Over the last four years, my colleagues and I from the McCombs School of Business, the School of Law, the LBJ School of Public Affairs, and the Cockrell School of Engineering at The University of Texas have convened an annual conference on the electricity industry. At our recent Austin Electricity Conference (http://www.mccombs.utexas.edu/Centers/EMIC/2014-Electricity-Conference), I chaired a panel session that discussed some of these challenges at the gas-electricity nexus. Gas has been an important fuel for electricity in Texas for decades. Other regions of the United States, particularly New England, and other countries have only relatively recently increased the use of natural gas as a fuel for generators, but this has already presented some problems. In New England, for example, the combination of high winter requirements for natural gas for space heating and the relatively limited gas-pipeline infrastructure have generated problems with coordinating the regional gas and electricity markets. ISO New England, despite its ostensible focus on wholesale electric power markets and reliability, has needed to develop in-house expertise in gas supply, delivery, and availability.

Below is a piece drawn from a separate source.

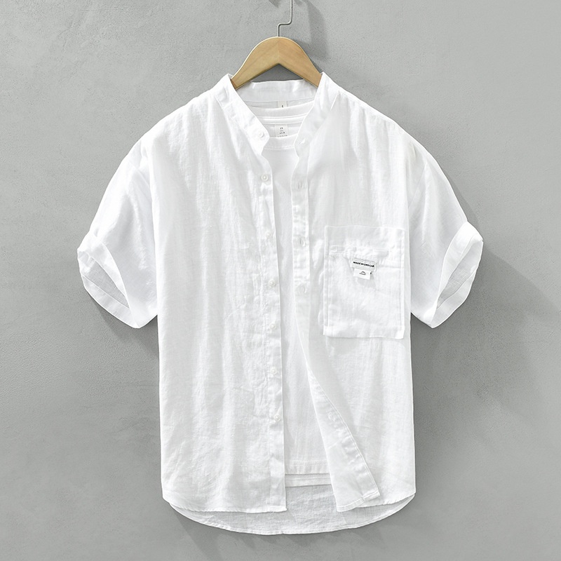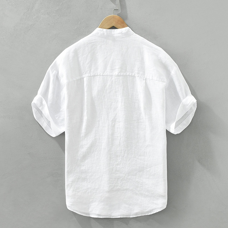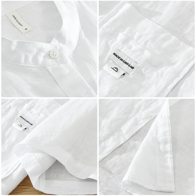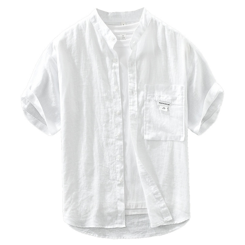 2770 Japanese Casual Stand Collar Linen Shirt Men's Literary Simple Thin Breathable Shirt Men's Clothing One Piece Dery

As natural gas becomes even more heavily utilized for power generation, the regional gas and electricity markets will become even more tightly coupled. With a rising reliance on gas to balance increasing net load variability and uncertainty, gas demand will become even more variable. Among the various challenges at the gas-electricity nexus, dealing with the need for even more variable natural gas fuel is a problem that seems to be technically solvable. Natural gas storage and other balancing options could allow for solutions that are necessitated by the electricity industry, where supply and demand must be continuously balanced. The natural gas industry needs to adapt to the needs and wants of the electric power industry, which is growing and will soon be the largest consumer of gas. The solutions that are necessary for the gas industry are likely to be relatively simple because the natural gas system has greater storage options and looser requirements on the balancing of gas supply and demand than is required by the electric power system.

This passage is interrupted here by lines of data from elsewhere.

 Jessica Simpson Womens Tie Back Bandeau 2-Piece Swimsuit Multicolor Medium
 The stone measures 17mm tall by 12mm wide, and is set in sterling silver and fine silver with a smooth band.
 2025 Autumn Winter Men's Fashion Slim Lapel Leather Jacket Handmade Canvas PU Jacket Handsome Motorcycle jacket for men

The timing of electricity and gas markets will likely need to be better synchronized, as has been widely recognized by the Federal Energy Regulatory Commission and others. Changes in timing have been implemented within some areas. To fully utilize the operational flexibility of natural-gas-fired generation, it will also likely become necessary for there to be more trading opportunities for natural gas within the intraday and day-ahead gas trading markets.

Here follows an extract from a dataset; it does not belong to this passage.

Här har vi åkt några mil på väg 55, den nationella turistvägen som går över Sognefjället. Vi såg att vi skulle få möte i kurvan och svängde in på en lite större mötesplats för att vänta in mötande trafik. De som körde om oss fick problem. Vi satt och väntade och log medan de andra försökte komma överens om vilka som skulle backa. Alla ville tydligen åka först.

In other words, the natural gas trading industry will need to make changes from their current ìbanker hours.î Natural gas traders may not appreciate this change, but in my view, the increasing needs of this new burgeoning customer, the electricity industry, will soon necessitate a liquid seven-day-a-week gas trading marketplace. I look forward to the natural gas industry making this change as regions such as ERCOT move to even higher levels of variable renewable resource integration.